Posted on 29-Oct-2022 20:14:14
#193 ]
Elite Member
Joined: 29-Oct-2012
Posts: 3621
From: Germany

@matthey

Quote:

matthey wrote:
cdimauro Quote:

I fully understand Matt, but what's the problem if some people want to purse OTHER ways?

If they like PowerPCs then let them continue with those.

If they like emulation then let them continue with it.

You can find someone which likes 68ks and you go with that.

Choices aren't mutually-exclusive.


Normally, I would say that is ok. The problem is that watching the PPC money go down the drain for a few hundred existing users and emulation for a few thousand existing users won't do anything for the Amiga.

I know, but we're on the internet age and people are very well informed. I don't think that someone changes its mind at this point in time.
Quote:
Neither bring in new and younger Amiga users.

Why not? Youngs are used to play games on any possible device.
Quote:
Competitive mass produced low end hardware could bring in new younger users like we often started using cheap low end computers when we were young. The younger generations are more likely to know what a Raspberry Pi is today than an Amiga. The Amiga is so much more fun and has retro games which is more appealing than the Raspberry Pi. Rather than pool resources and cooperate to produce competitive low end hardware, we watch the Amiga legacy go down the drain too.

Then you've to provide a very competitive product which should be more attractive compared to the RPi.
Quote:
cdimauro Quote:

I think the opposite: it's The problem because all current implementations aren't 100% accurate.

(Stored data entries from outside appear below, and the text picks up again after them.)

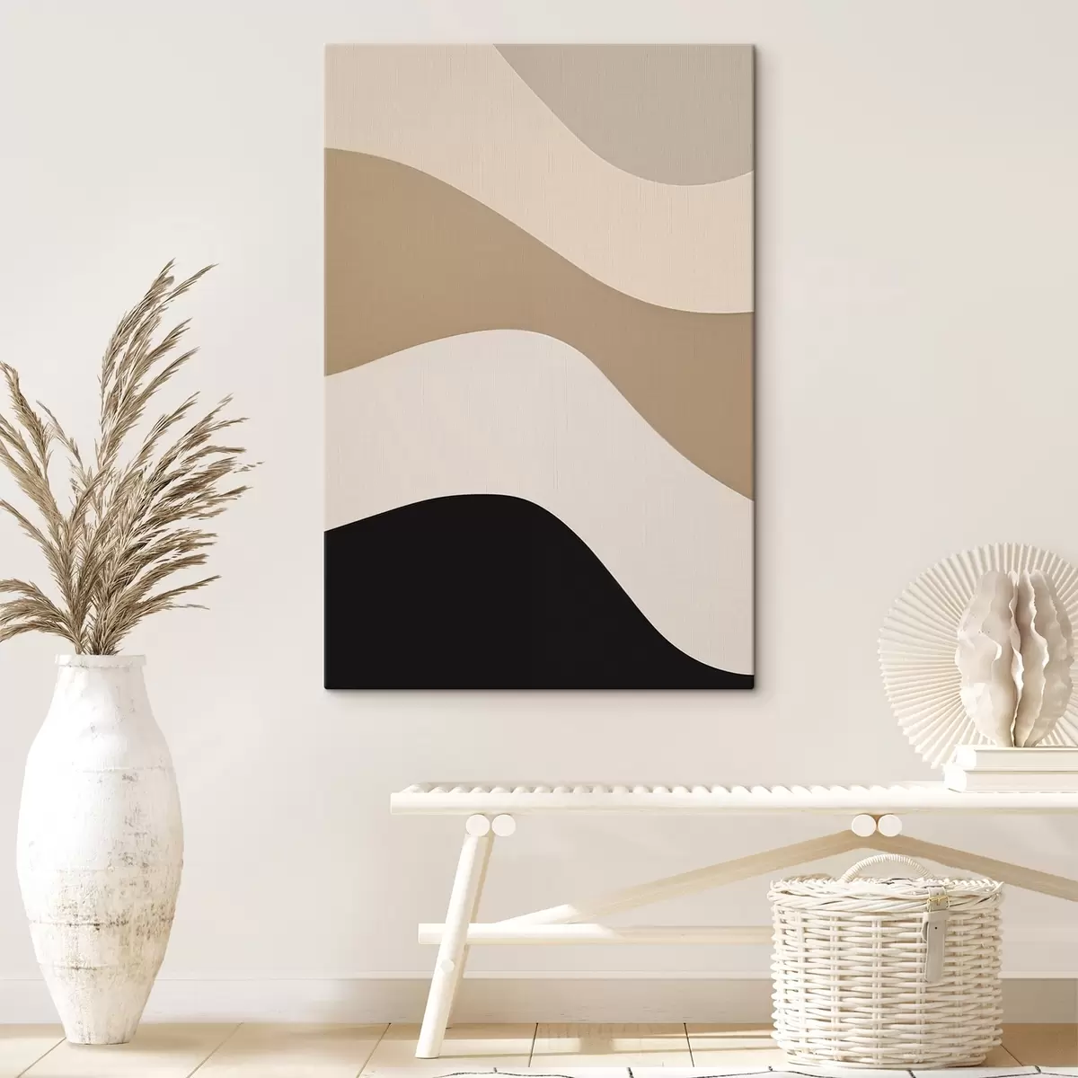 murales Ondas abstractas en beige y negro s44687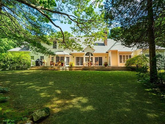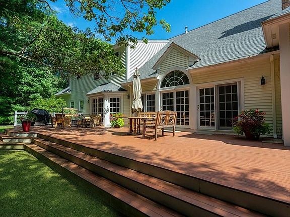 Beautiful custom colonial privately set on 1.5 acres in the desirable south side of Weston. This home encompasses over 6000 square feet of luxury living and open floor plan for today's family. The twelve-room, five-bedroom residence offers spacious rooms and high ceilings. A stunning two-story foyer with circular staircase, formal living room with fireplace & picture window, banquet size dining room. A chef's kitchen open with breakfast area leads to a spectacular two story great room with custom built-ins and walls of glass with French doors to a large deck overlooking private backyard. There is a wood paneled library and the opportunity for either a first floor, or second floor master bedroom suite. The second floor includes four additional bedrooms, play area and 3 full bathrooms. Professionally landscaped grounds, on this private wooded setting, conveniently located to all major routes & schools.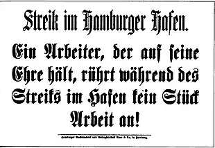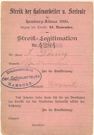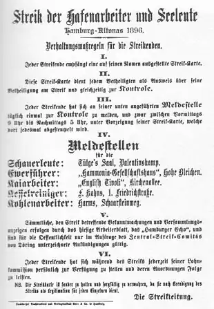 Le 12 novembre 1896, une assemblée de membres de l'Union refuse de soutenir les dockers chargés des marchandises de détail, qui souhaitaient faire la grève. Mais quatre jours plus tard, la situation se retourne. Lors d'une seconde assemblée, et contre l'avis de tous les responsables syndicaux, la majorité des membres présents vote son soutien aux dockers. Le 20 novembre[18],[20] est décidée à une large majorité la grande grève, que l'on retiendra sous le nom de « grève des dockers de Hambourg ». Même les membres de l'union des travailleurs portuaires décident de cesser le travail à partir du lendemain. Les entrepreneurs avaient pourtant déjà donné leur accord en vue d'une augmentation générale des salaires. Cependant, ils souhaitaient dans le même temps diminuer les primes pour manutention de marchandises insalubres. À ce moment-là, personne ne s'attend à ce que la grève dégénère en une lutte sociale s'étalant sur de nombreuses semaines. La durée envisagée n'est que d'une à deux semaines.

And it's a double problem because the Amiga Mini (let's call it this way) market is 100% for games.

However games require 100% compatibility and that's why the problem is repeated twice: you need a 68000+OCS/ECS compatible system and a 68EC020+AGA compatibile system, both on the same ASIC and which can be selected at boot time.

This is the only solution that allows you to tackle the (full) compatibility which is request by the games.


100% compatibility is difficult.

Indeeed. That's why WHDLoad gives a big help here.
Quote:
Even the TG68 in FPGA or ASIC is not 100% compatible with the 68000 or 68020 because it is not cycle exact.

For the 68020 isn't that much important, because at the time (Amiga 1200 & 4000) coders were a bit more aware of processors differences.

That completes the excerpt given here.